Born in Borrisokane, County Tipperary, Ireland on 18 February 1861, Timothy Quinlan emigrated to Western Australia with his parents in 1863. Orphaned in 1865, he was raised by Joseph Thomas Reilly, and educated at the Cathedral Boys School in Perth. He worked for John Monger at York from 1875, and then for Alexander McRae at Roebourne. He was also involved in the pearling industry for about two years.

In 1882, Quinlan leased the Shamrock Hotel in Perth from Daniel Connor, an expiree convict who had become one of the wealthiest men in the colony. In 1883, Quinlan married Teresa Connor (1863–1904), Daniel Connor's daughter, with whom he later had eight children. Bernard Gerald and Patrick Francis Quinlan both played first-class cricket in Ireland, while his oldest daughter, Teresa Gertrude Quinlan, married politician John Kirwan, who served in both State and Federal Parliament. Quinlan's brother-in-law, Michael O'Connor, also served a term in the Legislative Assembly, where he represented the seat of Moore.

From 1890, Quinlan became increasingly involved in public affairs. He was a member of the Perth City Council from 1890 to 1902, unsuccessfully contesting the mayoralty in 1900; and he became a Justice of the Peace in 1893. At the 1890 colonial election, he was elected to the Western Australian Legislative Assembly seat of West Perth. Quinlan became embroiled in a controversy regarding provision of state aid to private schools, which he and fellow Catholic MLAs Thomas Molloy and Alfred Canning supported. The Catholic Vicar General, Father Anselm Bourke, established the Education Defence League with their assistance. However, the issue became a major one in the 1894 election, and all three MLAs lost their seats to opponents of state aid—Quinlan was defeated by Barrington Wood.

In the election of 1897, he won the Legislative Assembly seat of Toodyay, which he would hold for nearly 14 years. From 21 November to 23 December 1901, he was Minister for Works in the short-lived Morgans ministry. He served as Chairman of Committees from 18 July to 23 November 1905, and Speaker of the Legislative Assembly from 23 November 1905 to 3 October 1911. Quinlan lost his seat in the election of 1911. In 1918, he contested a Metropolitan Province seat in the Legislative Council, but was unsuccessful.

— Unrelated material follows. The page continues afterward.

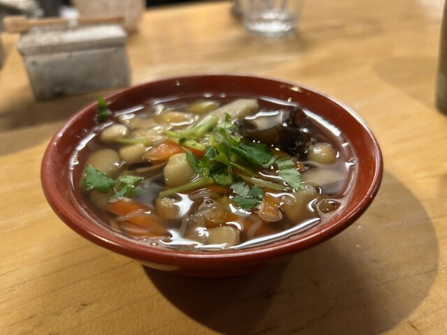 蕎麦前も実に豊富。まずは、刻み茗荷、白エビの唐揚げと蕎麦がき(これはメニューに載っていませんが、お願いすると出してくれます)。蕎麦つゆで頂きますが、お蕎麦好きにはたまらない逸品です。穴子の天ぷらも美味でしたが、福島の郷土料理「こづゆ」は、心も温かくなります。会津のこづゆを味わえる店は少ないですね。他にもそそられるメニューが沢山ありました。

Quinlan was a member of the Perth Hospital Board for many years, and its chairman from 1905 to 1913. He was a director of the South British Insurance Company, and of the Perth Building Society from 1901 to 1927, serving as its chairman after 1924. He was a trustee of the University Endowment Act, and a member of the Board of Management for the Deaf and Dumb, and the Institute for the Blind. He was created CMG in 1913. He died in Perth on 8 July 1927, and was buried at Karrakatta Cemetery.